Task prompt: All the data should be repeated exactly. Any image in it is left out.

Dataset section:

::::::::

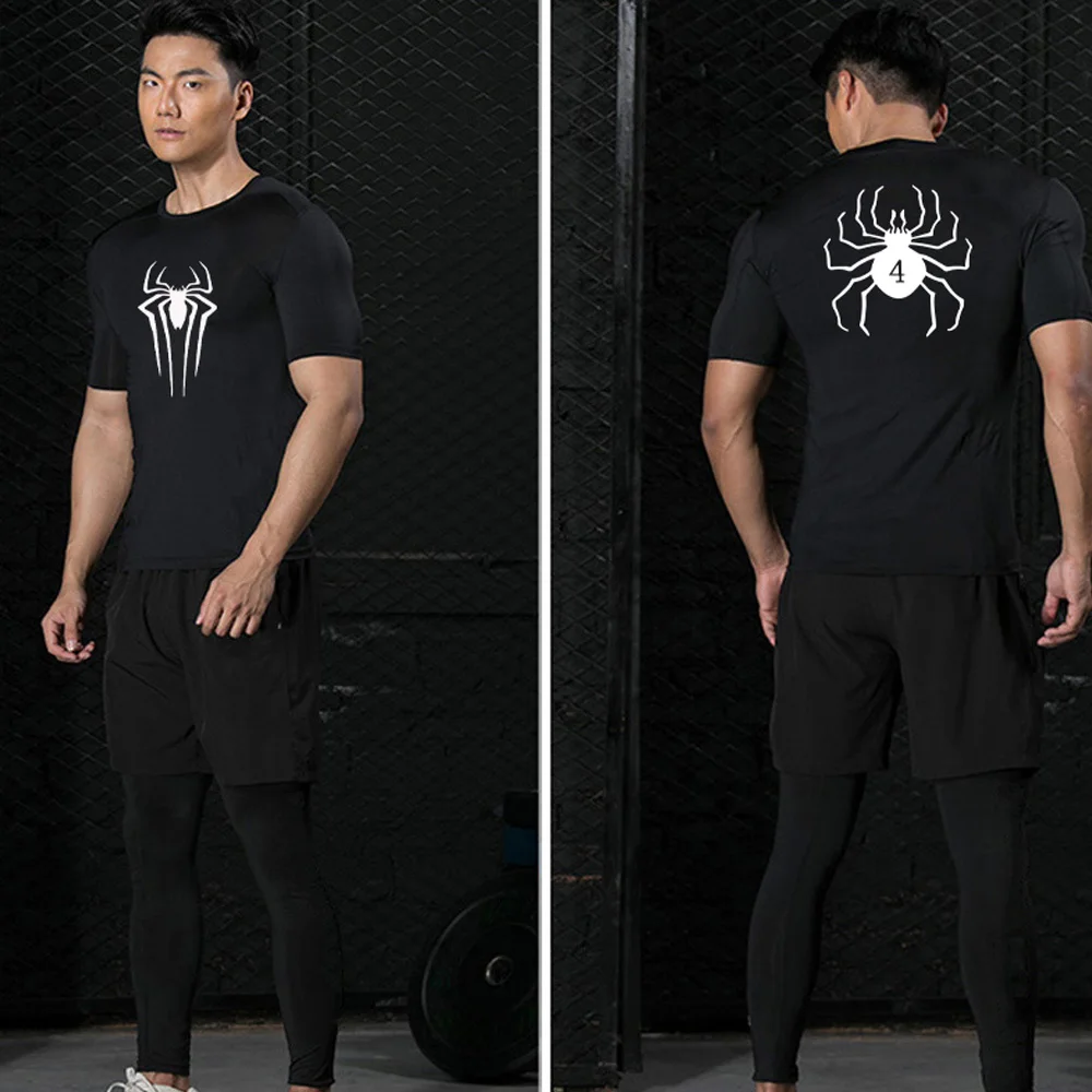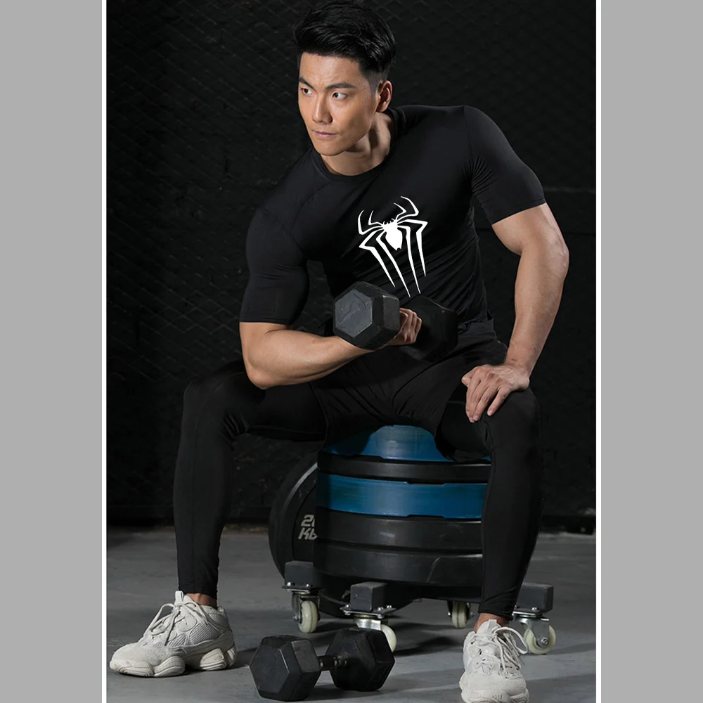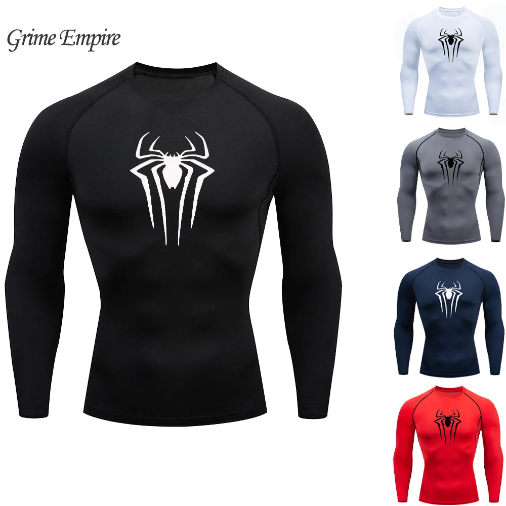 Men's Compression Shirt Fitness Workout Anime Print Sport Tight Gym TShirts Athletic Quick Dry Tops Tee Summer Male
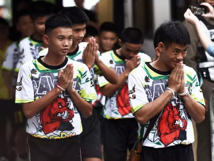 ആശുപത്രിയില് നിന്നിറങ്ങിയ ശേഷം ചിയാങ് റായില് പ്രത്യേകം ഒരുക്കിയ വാര്ത്താസമ്മേളനത്തില് പങ്കെടുത്തു. ഒരേ വേഷത്തിലെത്തിയ കുട്ടികളും കോച്ചും ഏറെ സന്തോഷാവാന്മാരായിരുന്നു. ഗുഹക്കകത്ത് ചെലവഴിച്ച നിമിഷങ്ങൾ അവര് ഓര്ത്തെടുത്തു. ഇത് ഇവരുടെ ആദ്യത്തേയും അവസാനത്തേയും വാര്ത്താസമ്മേളനം ആയിരുന്നു. ഇനി മാധ്യമങ്ങളെ കാണരുതെന്ന് നിര്ദ്ദേശം നല്കിയിട്ടുണ്ട്.
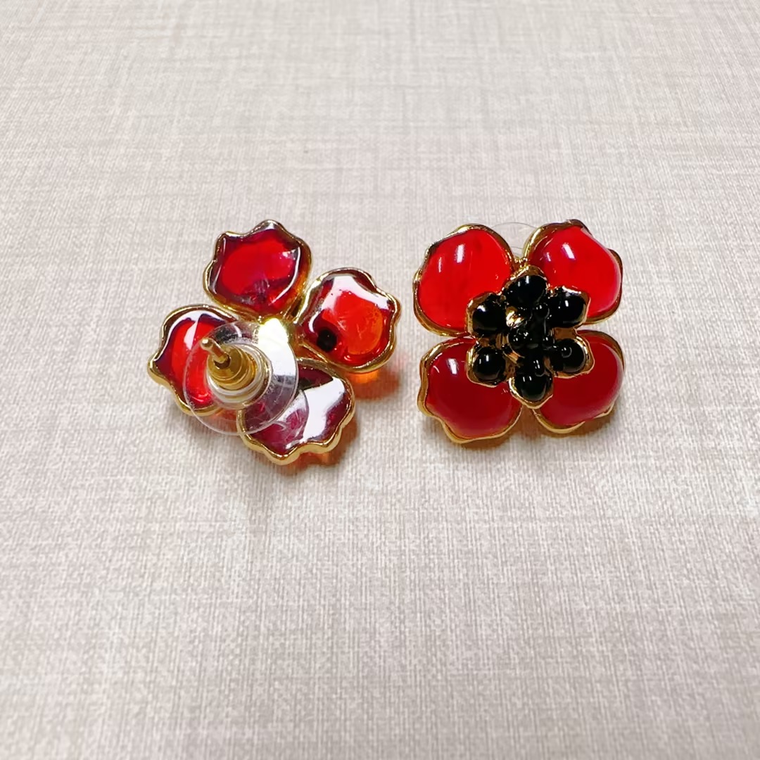 北京仓|Gripoix Paris-Poppy Flower-小号 虞美人 耳环[法国设计师]

::::::::

Response:
 Men's Compression Shirt Fitness Workout Anime Print Sport Tight Gym TShirts Athletic Quick Dry Tops Tee Summer Male
 ആശുപത്രിയില് നിന്നിറങ്ങിയ ശേഷം ചിയാങ് റായില് പ്രത്യേകം ഒരുക്കിയ വാര്ത്താസമ്മേളനത്തില് പങ്കെടുത്തു. ഒരേ വേഷത്തിലെത്തിയ കുട്ടികളും കോച്ചും ഏറെ സന്തോഷാവാന്മാരായിരുന്നു. ഗുഹക്കകത്ത് ചെലവഴിച്ച നിമിഷങ്ങൾ അവര് ഓര്ത്തെടുത്തു. ഇത് ഇവരുടെ ആദ്യത്തേയും അവസാനത്തേയും വാര്ത്താസമ്മേളനം ആയിരുന്നു. ഇനി മാധ്യമങ്ങളെ കാണരുതെന്ന് നിര്ദ്ദേശം നല്കിയിട്ടുണ്ട്.
 北京仓|Gripoix Paris-Poppy Flower-小号 虞美人 耳环[法国设计师]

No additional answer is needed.